Sem rodeios, admite que não gostaria de ter de emigrar para conseguir exercer a sua profissão e investigar. Assim, e num âmbito mais pessoal, Tiago Lopes não consegue escolher apenas um livro, um músico ou prato preferido, pois a lista é bem completa, mas realça, sem dúvida alguma, que a sua viagem de sonho será realizada do deserto de Atacama até à Patagónia. Mais um ponto certo: prefere a companhia da família e amigos, “a viajar, à mesa, no cinema, a ler ou a descansar “ para passar os tempos livres, atribuindo a sua inspiração de vida ao filho.

– De que mais gosta na Universidade do Porto?

Do dinamismo, da ambição e da mentalidade à Porto, da mística desta cidade que também caracteriza a sua Universidade. Gosto muito da grande identificação dos portuenses com a cidade e os seus símbolos. A Universidade do Porto é um deles.

– De que menos gosta na Universidade do Porto?

Da dispersão das faculdades em vários pólos. A proximidade física entre faculdades tornaria possível juntar em tertúlias de café médicos, engenheiros, biólogos, físicos, historiadores, arquitectos, professores, economistas, magistrados, matemáticos, farmacêuticos, psicólogos, filósofos e artistas. É deste encontro plural que brotam as melhores ideias e nascem parcerias.

– Uma ideia para melhorar a Universidade do Porto?

Rentabilizar os recursos humanos e as infraestruturas existentes, reconhecer o trabalho e premiar o mérito.

– Como prefere passar os tempos livres?

Com a família e amigos, a viajar, à mesa, no cinema, a ler ou a descansar.

– Um livro preferido?

Impossível escolher só um entre tantos que me marcaram. Cito alguns: A cidade e as serras de Eça de Queirós; Por quem os sinos dobram de Ernest Hemingway; As rosas de Atacama de Luís Sepúlveda; As mãos e os frutos de Eugénio de Andrade; Os livros de crónicas de António Lobo Antunes.

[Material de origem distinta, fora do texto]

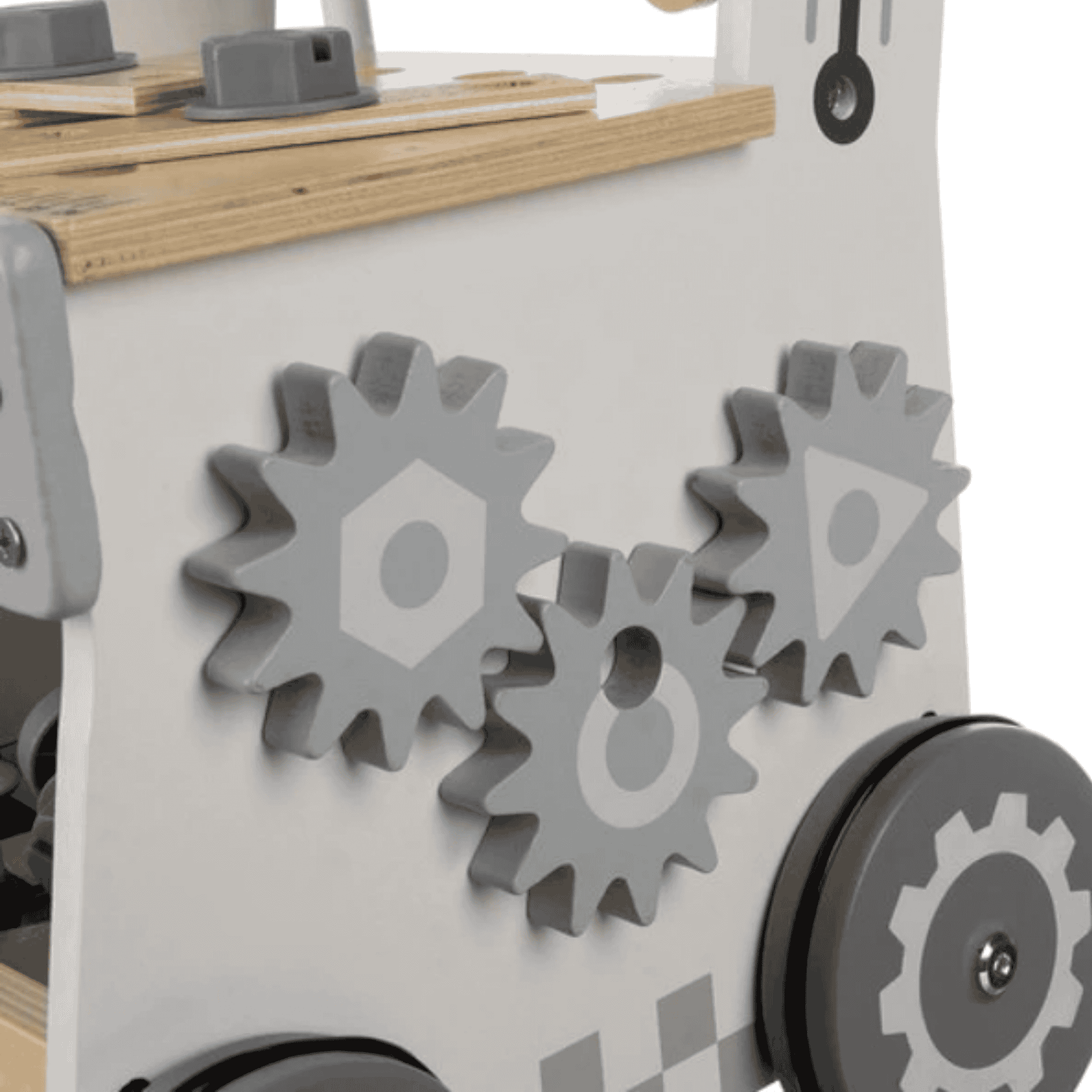 See töötuba pole mitte ainult lõbus, vaid ka hariv. Lapsed saavad kruustange kasutades, kruvisid keerates, kujundeid sorteerides või hammasrattaid liigutades harjutada koordinatsiooni, kujundeid ja peenmotoorikat. See soodustab probleemide lahendamist, kannatlikkust ja loovat mõtlemist.

– Um músico / disco preferido?

Impossível escolher só um entre tantos músicos e álbuns extraordinários. Músicos: António Carlos Jobim, Carlos Paredes, Jorge Palma, Camané, Carminho, Ana Moura, Deolinda, Miguel Araújo, Miles Davis, Stacey Kent, Feist, Keane.
Disco: Getz/Gilberto (1964); Solo (António Pinho Vargas, 2008); The Imagine Project (Herbie Hancock, 2010), O melhor de Carlos Paredes (1998).

– Um prato preferido?

É mais uma vez impossível escolher só um. Adoro o arroz de tamboril da minha mãe, o cabrito assado em forno de lenha, o peixe grelhado fresquinho do nosso mar ou as sardinhas assadas que estão quase a chegar.

– Um filme preferido?

“A Vida é Bela”, de Roberto Benigni, 1997; “Match Point”, de Woody Allen, 2005.

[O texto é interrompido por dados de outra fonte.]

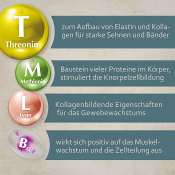 montanus® nature Amino-Forte ist mit den reinen und 100 % dünndarmverdaulichen Aminosäuren Threonin, Methionin und Lysin ausgestattet. Vitamin B12 unterstützt den Muskelstoffwechsel und ist essentiell für die Leistungsbereitschaft der Pferde.

– Uma viagem de sonho (realizada ou por realizar)?

Já realizada: um périplo no Tibete; de comboio no planato tibetano até Lhasa, passando por Gyantse e Shigatse até ao campo base do Monte Evereste. Por realizar: uma viagem do deserto de Atacama à Patagónia.

– Um objetivo de vida?

O prazer está no caminho e não no objectivo. A vida deve ser vivida com prazer. Palavras sábias do meu Orientador de Formação (Prof. Doutor Carlos Silva) que fazem cada vez mais sentido. Em termos pessoais, não gostava de ter de emigrar para conseguir exercer medicina e investigar.

– Uma inspiração?

O meu filho. E tantas pessoas e lugares que conheci até hoje…

– Uma ideia para promover a qualidade da investigação médica na U. Porto?

Uma delas já foi conseguida. Unificar os melhores centros de investigação da cidade (I3S) para reunir recursos humanos e materiais, de modo a conseguir mais fundos e maior reconhecimento internacional. Outra seria promover mais o mecenato científico, uma vez que na região Norte do país estão sediadas várias empresas multinacionais que podem ter um papel interventivo nesta área.